TW202014740A - Polarizer substrate and manufacturing method thereof - Google Patents

Abstract

A polarizer substrate and manufacturing method thereof are provided. The polarizer substrate includes a substrate, a plurality of polarizer structures, a plurality of barrier structures, and a passivation layer. The polarizer structures are disposed on the substrate. Each of the polarizer structures includes a wire-grid and a capping structure disposed on the wire-grid. The barrier structures are disposed on the capping structures and not contacted with the side walls of the wire-grids. A gap between two adjacent barrier structures is smaller than a gap between two adjacent wire-grids. The passivation layer is disposed on the barrier structures.

Description

Polarized substrate and manufacturing method thereof

The invention relates to a polarizing substrate, and in particular to a polarizing substrate including a blocking structure and a method of manufacturing the same.

The liquid crystal display panel usually has a polarizing structure on the upper and lower substrates. The direction of the absorption axis is determined by the extending direction of the polarizing structure. Since only the light with the polarization direction perpendicular to the absorption axis of the polarizing structure can pass through the polarizing structure, it can be adjusted by the rotation of the liquid crystal between the upper and lower substrates Whether the light can pass through the LCD panel. However, in order to make the liquid crystal display panel have better display quality, how to improve the transmittance and extinction ratio of the polarizing structure is an urgent problem to be solved at present.

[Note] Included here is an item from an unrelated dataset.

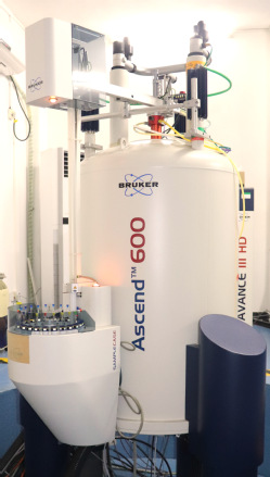 600M超导核磁共振波谱仪 Superconducting Fourier Transform Nuclear Magnetic Resonance Spectrometry 厂商:德国Bruker 公司 型号:AVANCE III HD 600 | 主要性能指标: 1、高性能主动屏蔽超超屏蔽 ASCEND超导磁体系统,14.095特斯拉,54mm室温腔,射频发射系统配备3个射频通道 2、B-SVT Bruker高精度变温控制单元;温度设置幅度:+/-0.1ºC;温度测量精度:+/-0.01ºC;BCU非液氮制冷单元,控温范围:室温~0ºC 3、5毫米二合一宽带探头,检测核:1H和19F, 以及共振频率在15N-31P之间所有核;变温范围:--150ºC ~ +150ºC;1H灵敏度≥850:1,13C灵敏度≥330:1 4、5 毫米TXI 反相三共振探头,检测核:1H/13C/15N 1H灵敏度≥1200:1;1H 线性≤6/12Hz 应用范围: 1、多种核素的核磁共振检测,如1H、13C、31P、19F、29Si、17O、11B、27Al等 2、多种一维谱检测,如1H、13C、DEPT、NOEDIF、TOCSY1D等谱 3、二维同核/异核相关谱检测,如1H-1HCOSY、HSQC、HMBC、NOESY、ROESY、TOCSY、HSQC-TOCSY谱 4、可进行1H/13C/15N三共振实验,进行氨基酸、蛋白质等研究工作 5、用于有机化合物、天然产物和生物大分子等结构确证、聚合物特性测定、药品开发、分子构型构象以及分子之间相互作用等研究。在化学、药物学、材料科学、环境科学、石油化工、精细化工、食品工程、刑侦司法等科学领域有广泛应用 |

The invention provides a polarized substrate with high transmittance and high extinction ratio.

The invention provides a method for manufacturing a polarizing substrate, which can obtain a polarizing substrate with high transmittance and high extinction ratio.

At least one embodiment of the present invention provides a polarizing substrate including a substrate, a plurality of polarizing structures, a plurality of blocking structures, and a passivation layer. Multiple polarizing structures are located on the substrate. Each polarizing structure includes a gate line and a covering structure located on the gate line. A plurality of barrier structures are located on the cover structure and do not contact the sidewalls of the gate lines. The distance between two adjacent barrier structures is smaller than the distance between two adjacent gate lines. The passivation layer is on the barrier structure.

At least one embodiment of the present invention provides a method of manufacturing a polarizing substrate, including: forming a gate line material layer on the substrate; forming a cover material layer on the gate line material layer; forming a patterned photoresist layer on the cover material layer; The patterned photoresist layer is used as a mask to pattern the covering material layer to form a plurality of covering structures; the covering structure is used as the mask to perform the first etching on the gate line material layer; the covering structure is used as the mask to form the gate line material layer A second etching is performed to form a plurality of gate lines, and a plurality of barrier structures are formed on the cover structure at the same time as the second etching, wherein the etching rate of the first etching is greater than the etching rate of the second etching, and the adjacent two The spacing between the barrier structures is smaller than the spacing between two adjacent gate lines.

In order to make the above-mentioned features and advantages of the present invention more obvious and understandable, the embodiments are specifically described below in conjunction with the accompanying drawings for detailed description as follows.

1A-1E are schematic cross-sectional views of a method of manufacturing a polarizing substrate according to an embodiment of the invention.

Please refer to FIG. 1A, a black matrix 110 is formed on the substrate 100. The material of the substrate 100 can be glass, quartz, organic polymer, or opaque/reflective materials (for example: conductive materials, metals, wafers, ceramics, or other applicable materials), or other applicable materials . The black matrix 110 includes a light-shielding material.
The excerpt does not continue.